Information given:
Segment Open

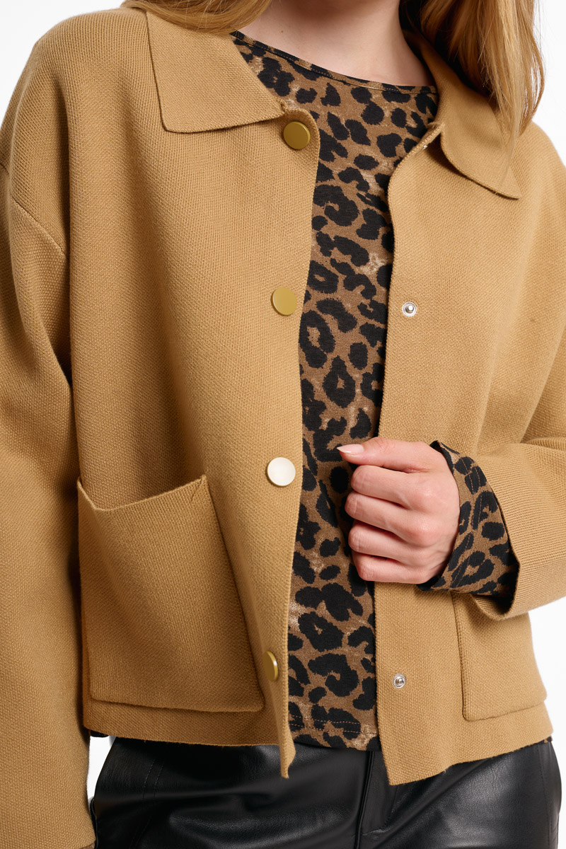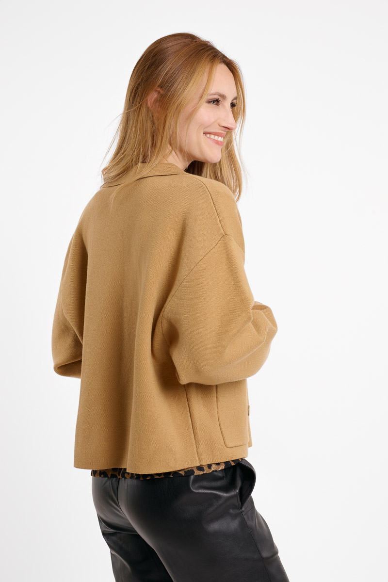 Chaqueta camel Luan con cuello y botonadura del mismo color. Bolsillos en la parte delantera.
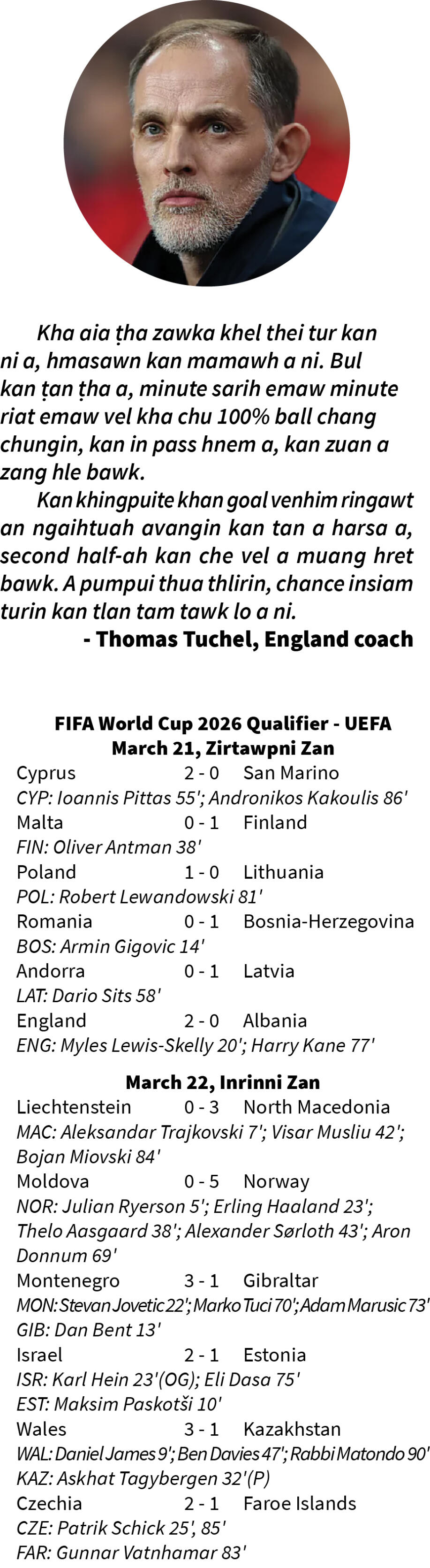 Thomas Tuchel-a enkawlna hnuaia an match hmasa berah England an chak nghal a, Zirtawpni zan khan World Cup qualifier-ah an mikhual Albania chu 2-0 in an hneh.
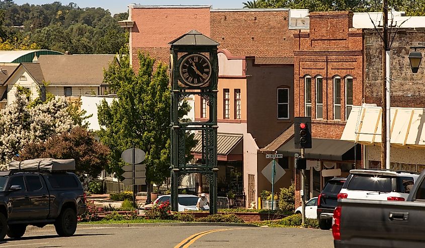 La lumière du matin brille sur le centre-ville historique d'Auburn, en Californie.
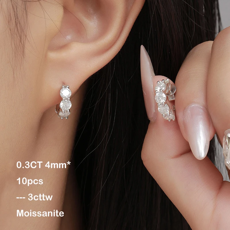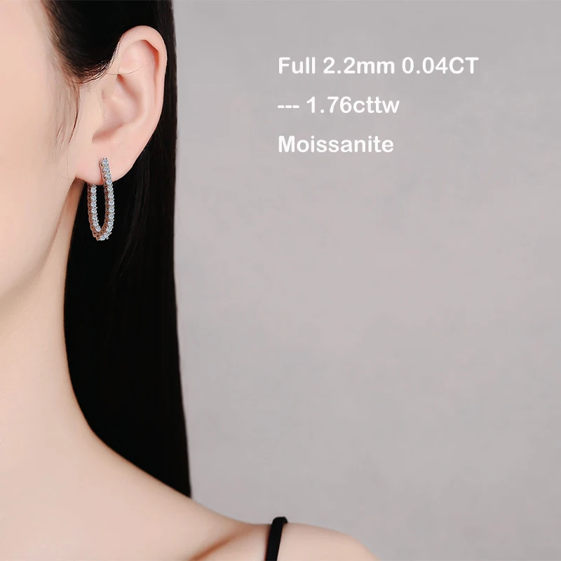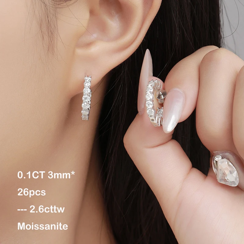 EWYA Sparkling D Color Full 3mm 2.6cttw Moissanite Hoop Earrings For Women S925 Silver Plated 18K Pass Diamond Test Earring Gift
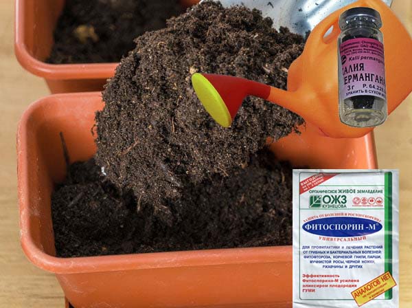 - dressing Substrate from a dacha or excavated soil from a forest belt should be poured abundantly with an aqueous solution with the addition of potassium permanganate. Achieve pink fluid staining. Use the component after the complete drying of the soil mixture.

Segment Closed

The problem:
Up to and including the last line of the listing, starting at the line with "EWYA Sparkling D", extract every line exactly and leave out the pictures.

Response for this exercise:
 EWYA Sparkling D Color Full 3mm 2.6cttw Moissanite Hoop Earrings For Women S925 Silver Plated 18K Pass Diamond Test Earring Gift
 - dressing Substrate from a dacha or excavated soil from a forest belt should be poured abundantly with an aqueous solution with the addition of potassium permanganate. Achieve pink fluid staining. Use the component after the complete drying of the soil mixture.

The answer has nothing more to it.